Me: Did you stink up the bathroom?

Teenager: What?

Me: Did you take a big dump in the toilet I’m about to fix?

I raised up my supplies in a futile effort to show her what my mission was.  I think I even smiled in the hopes of reaching out to the gentler side.

Teenager: I don’t know.

Me:  You don’t know if you took a dump or you don’t know if it stinks?

Teenager:   I DON’T KNOW… BLAHHHH!!!!

At which point she stormed off to her room while I stood in the hall wondering what to do.

THE LESSON – let 30 minutes pass.  Let 30 minutes pass between the time a teenager wakes up and the time you choose to ask them a typically easy question AND let 30 minutes pass between the time someone emerges from the bathroom and time you choose to repair it.  You see, I can learn stuff.

Smaug & the Old Man

hobbit-2I’m so tired!  I have only myself to blame.  At 46, I really shouldn’t go to a midnight premier.  I don’t like to do much of anything past about 10 o’clock.  But it’s The Hobbit, my all-time favorite book.  More importantly, a couple of my daughters begged me to take them.  Now, I have to backtrack slightly on that statement because I realized this week that I’ve been replaced.

My oldest and I started a little tradition of going to these things a few years ago even though they wreak havoc on an old man’s body.  My standing policy is that when one of the teenagers actually wants to be seen with the old man in public, I pretty much drop everything and go.  I’ve been told these times won’t last forever…and now I know.

A few days ago, daughter #2 reminded me to buy tickets to The Desolation of Smaug so they wouldn’t sell out.  Naturally, I went to the eldest to see if it was worth the extra cost to view it in 3D and she very courteously informed me that her boyfriend had already bought tickets for the two of them.  Oh, how I wished I could have been hobbit-sized right then so I could slink out of the room unnoticed.  Don’t get me wrong, I don’t expect her to stay a little girl forever and D-boy is a really good kid.  But that moment felt like a giant pair of scissors severed some cord that she’s more prepared to cut than I am.  It’s good though.  It’s good.  Really, it’s good.
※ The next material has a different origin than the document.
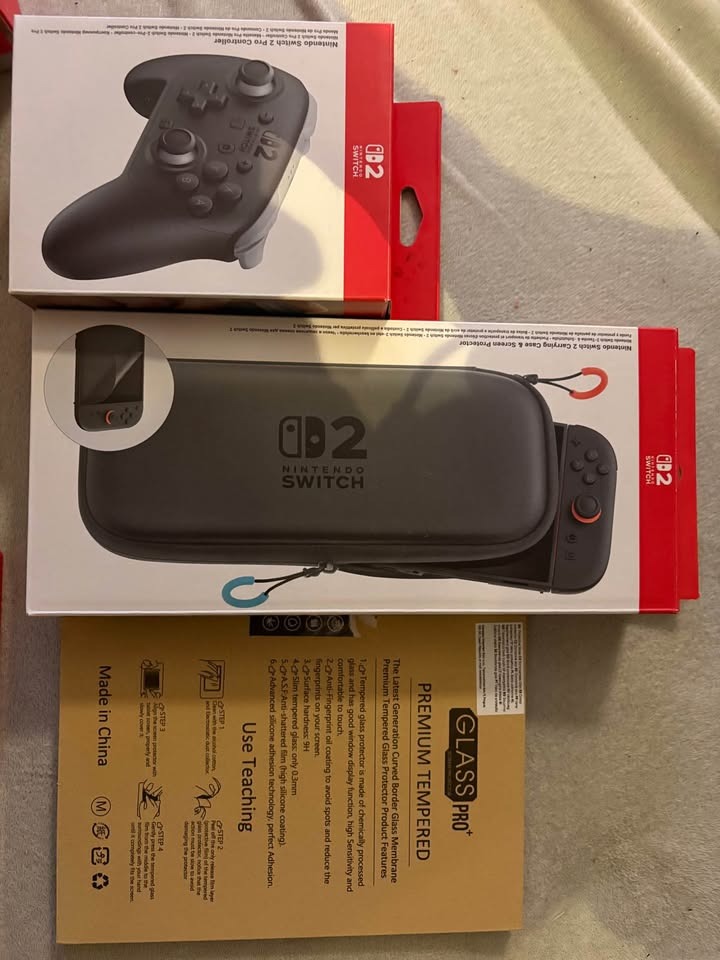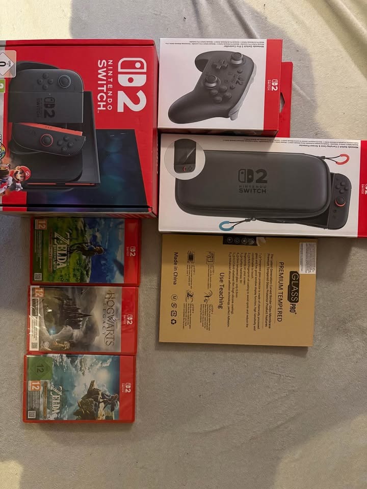 Eladó Nintendo Switch 2, 3 játékkal (2 bontatlan), Pro Controllerrel, tokkal, üvegfóliával

Her sister and I got excited, bought tickets and had a great time.  Turns out, the four of us were in the same theater and all sat together.  The movie was excellent.  I highly recommend it, even though it seemed surprisingly short to the guy who snored through a few scenes.   They punched me awake a couple of times – but didn’t need to when Smaug came on screen.  The animation detail, demonic voice, and movement of the dragon is amazing.  It’s one of those movie-going moments when I scratch my head and wonder how in the world they made him.  He’s almost as frightening as the line of boyfriends soon to come in and out of my home and take my four little girls away.